I've just enabled WEP on my wireless router (D-link). Now when I wake my powerbook from sleep I have to select the network from the airport icon in the menu bar in order to connect again. Before I had the WEP enabled it used to connect automatically. Is there a way automatically connect to my network when I wake my powerbook from sleep with WEP enabled?

Cheers


----------



## michaelsanford (Dec 13, 2004)

I've had a similar annoyance (I personally believe it to be a bug in the AirPort software).

 Is your D-Link WiFi network in the "Connect automatically to..." field in Network Preferences ? If not, add it, along with your credentials, and make sure you save your password to the keychain.


----------



## MDLarson (Dec 22, 2004)

I think I am having the same problem, except I haven't tried to put _my wife's new iMac G5 that I got her for Christmas(!)_ to sleep - I have restarted a few times and it doesn't connect automatically.

I have a Linksys WRT54G wireless router and here are its settings:
Security Mode:  WEP
Default Transmit Key:  1 (with options of 1, 2, 3 or 4)
WEP Encryption:  128 bits 26 hex digits
Passphrase:  <a password>
Key 1:  <big long string of numbers and letters>
Key 2:  <big long string of numbers and letters>
Key 3:  <big long string of numbers and letters>
Key 4:  <big long string of numbers and letters>

When I try to connect to the router using the passphrase, it fails.  I can only connect through the Internet Connect app when it prompts me for a WEP key.  I enter it in, and boom, I'm on the network.

BUT, when I go to my System Prefs and try to join a specific network, I don't have the option of entering in a WEP key; I can only do a password, which doesn't work...

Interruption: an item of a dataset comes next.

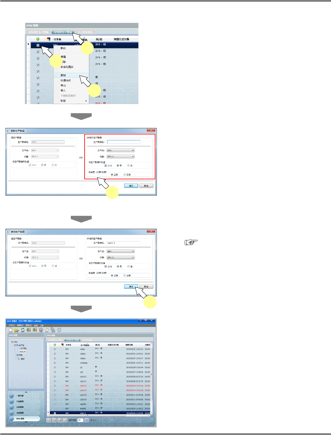 生产数据一览中显示所复制的

Here's another question... why does the Internet Connect application exist?  All that functionality should be in the Network preference pane.


----------



## MDLarson (Dec 23, 2004)

Hmm, I was digging around Apple's support site and came across this link describing how to connect to an encrypted network, but it doesn't address the issue we're having.

And I did try putting the iMac to sleep and waking it up - it did not reconnect - same problem we're all having.


----------



## WinWord10 (Dec 24, 2004)

MDLarson said:
			
		

> When I try to connect to the router using the passphrase, it fails.  I can only connect through the Internet Connect app when it prompts me for a WEP key.



If you're using a HEX wep password, you need to type "0x" before it in the password box. (i.e. 0x3b09148a...)


----------



## MDLarson (Dec 24, 2004)

WinWord10 said:
			
		

> If you're using a HEX wep password, you need to type "0x" before it in the password box. (i.e. 0x3b09148a...)


Hey, that works!  Nice tip - how the heck did you come across that?!?

p.s.  The quote in my signature is better!


----------



## MDLarson (Dec 24, 2004)

I came across this page in the AirPort Extreme Card User's Guide:



> *Joining a 128-Bit Encrypted Wireless Network*
> 
> If you want to join a third-party wireless network that requires 128-bit encryption, you have two options for entering a password, depending on the password scheme the network's administrator has setup.
> 
> ...


----------



## WinWord10 (Dec 25, 2004)

MDLarson said:
			
		

> Hey, that works!  Nice tip - how the heck did you come across that?!?
> 
> p.s.  The quote in my signature is better!



Because hexadecimal numbers always start with 0x. The dialog boxes that have the drop down option for hex just hide it from you.


----------